The processor implements a pipelined architecture comprising seven stages: fetch (F), decode (D), register access (R), execution of non-memory operations (E), DL1 access (M), Exceptions (X) and write back (W). As a SPARCv8 processor, LEON3 features a microarchitecture based on register windows. The register file comprises 8 register windows. The floating-point unit takes a variable latency depending on the particular values operated, with a jitter of up to 3 cycles.
B. DSR on the LEON 3: Challenges and Solutions
DSR is implemented combining a compiler pass and a runtime system, based on Stabiliser (a software randomisation tool proposed for unbiased performance evaluation of highperformance software [10] ). The compiler pass is implemented on top of the LLVM toolchain and it generates metadata required for the relocation of memory objects at runtime, as well as modifies the code of the compiled software to transparently access these metadata. The runtime system takes care of the actual memory object moving at runtime. The original version of the software randomisation framework supports x86, x86-64 and PowerPC variants. Since our LEON3 target platform is based on a different architecture (SPARC v8), we have ported the framework to this environment. This has been a challenging task due to the peculiarities of the target architecture. In the following we explain in detail how the original toolchain works, which modifications we have performed to our port of the library, the problems we encountered in this process and how we have overcome them. In particular DSR randomises functions and their stack frames, in random memory locations on each invocation.
B.1. Code Randomisation
Relocation Scheme. Code randomisation comprises moving a function to a new memory location selected randomly. Function relocation can take place either in an eager or in a lazy manner. Eager implementation requires all function relocations to take place before the program execution, while lazy one relocates only the functions used by the software, at the moment of their first use. However, lazy relocation complicates the estimation of the worst-case memory consumption as well as the WCET, both of which are necessary in critical realtime systems. For these reasons, despite the original version supports lazy relocation, in our porting of the library we selected to implement an eager relocation scheme.
Cache Consistency: SPARC does not provide hardware consistency between the instruction and data caches as opposed to x86. Therefore, after relocating a function, the updated data cache lines first need to be written in the memory before they can be fetched for execution. This is not a problem for DL1 which is write through, but it is for the write-back unified L2. In addition to that, any updated IL1 or L2 entry corresponding to the old location, need to be invalidated to guarantee the memory consistency across the different caches. To achieve this, we have implemented a fully SPARC v8 compliant address invalidation routine.
B.2. Stack Randomisation
Previous uses of stack randomisation in the real-time domain used a scheme in which each stack frame was allocated dynamically at function entry [18] [19] . We opted for the solution described in [10] , in which stack randomisation is implemented by making the stack non-contiguous. The compiler pass inserts code in each function's prologue and epilogue, which adjusts the stack frame with an offset (ranging between 0 and the way size of the cache) read from a table assigned to this function, which is part of the metadata created during compilation. This table is initialised in the program start-up with a random positive value, which randomises the location of the stack frame's initial address.

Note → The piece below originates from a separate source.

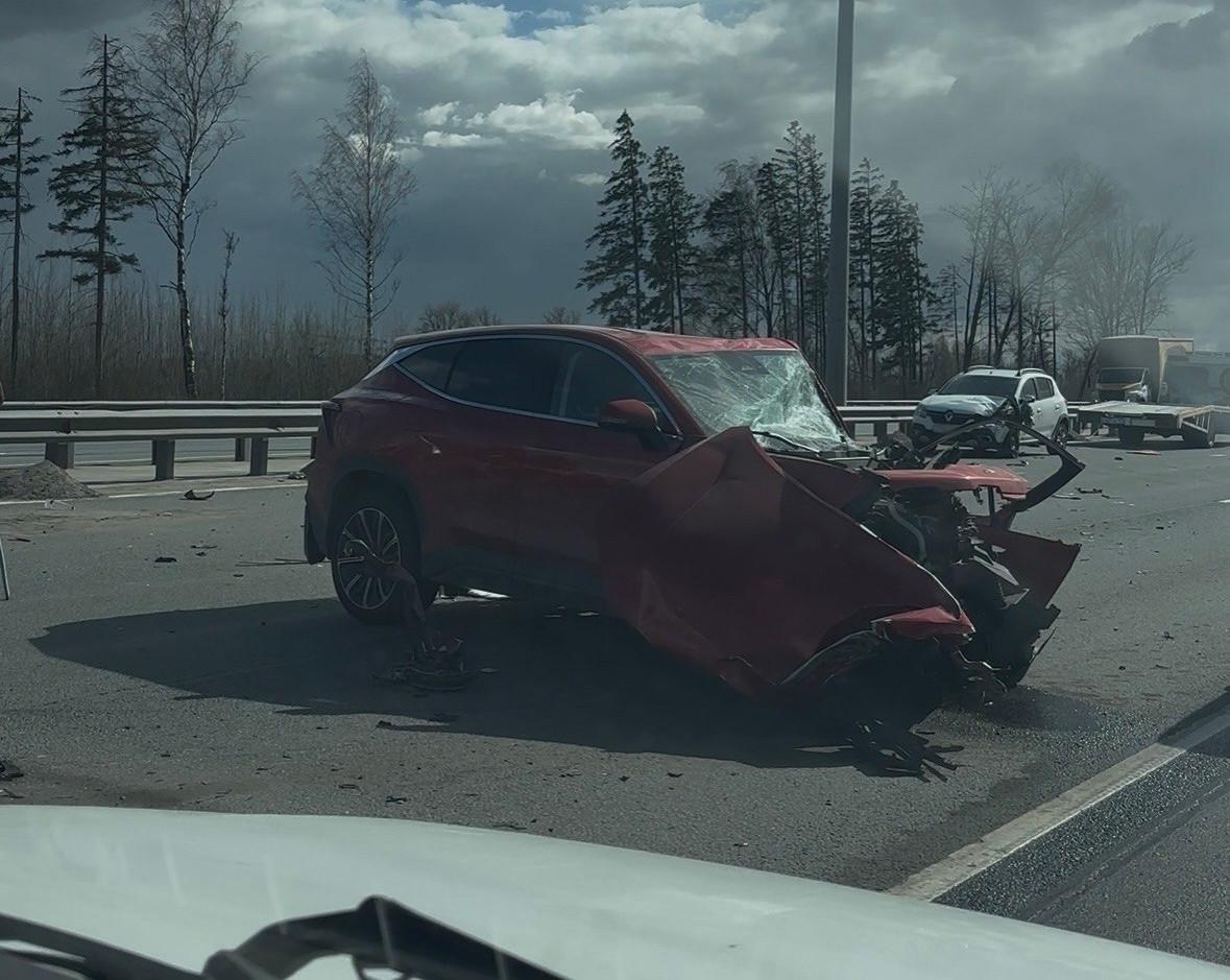 По информации УГИБДД Петербурга и Ленинградской области, в 11:10 у дома 147А 43-летний водитель автомобиля Jetour, двигавшийся по левой полосе, наехал на стоящий трактор. Трактор проводил уборку разделительной полосы. После удара Jetour отбросило в правый ряд, где он столкнулся с Renault Logan.

This implementation appeared as one of the most challenging parts of porting software randomisation in SPARC architecture due to the presence of the register window. We had to increase the stack pointer by the random offset within the SAVE instruction of the caller (which invokes the register rotation), and restore it within the RESTORE instruction at function return. This way we ensure that stack pointer is modified atomically and remains always valid. Note that the random offset used to adjust the stack pointer must be a multiple of 8 in order to keep the stack pointer aligned in double word boundaries, as the architectural specification of SPARC requires.
B.3. Software Random Number Generator
The position of the software objects is selected randomly inside memory chunks obtained using a memory allocator based on HeapLayers [11] . In particular, the starting offset is between zero and the maximum way size to ensure that the memory object can be mapped in any cache line inside a cache way. The random numbers required are generated using a software implementation of the Multiply-With-Carry (MWC) [22] PRNG. The quality of this PRNG in terms of period is shown in [3] to be sufficient, as for the LFSR proposed in the same work. However, while LFSR can be efficiently implemented in hardware, the MWC is the simplest one to implement in software. Therefore, the random source used for DSR is the MWC PRNG.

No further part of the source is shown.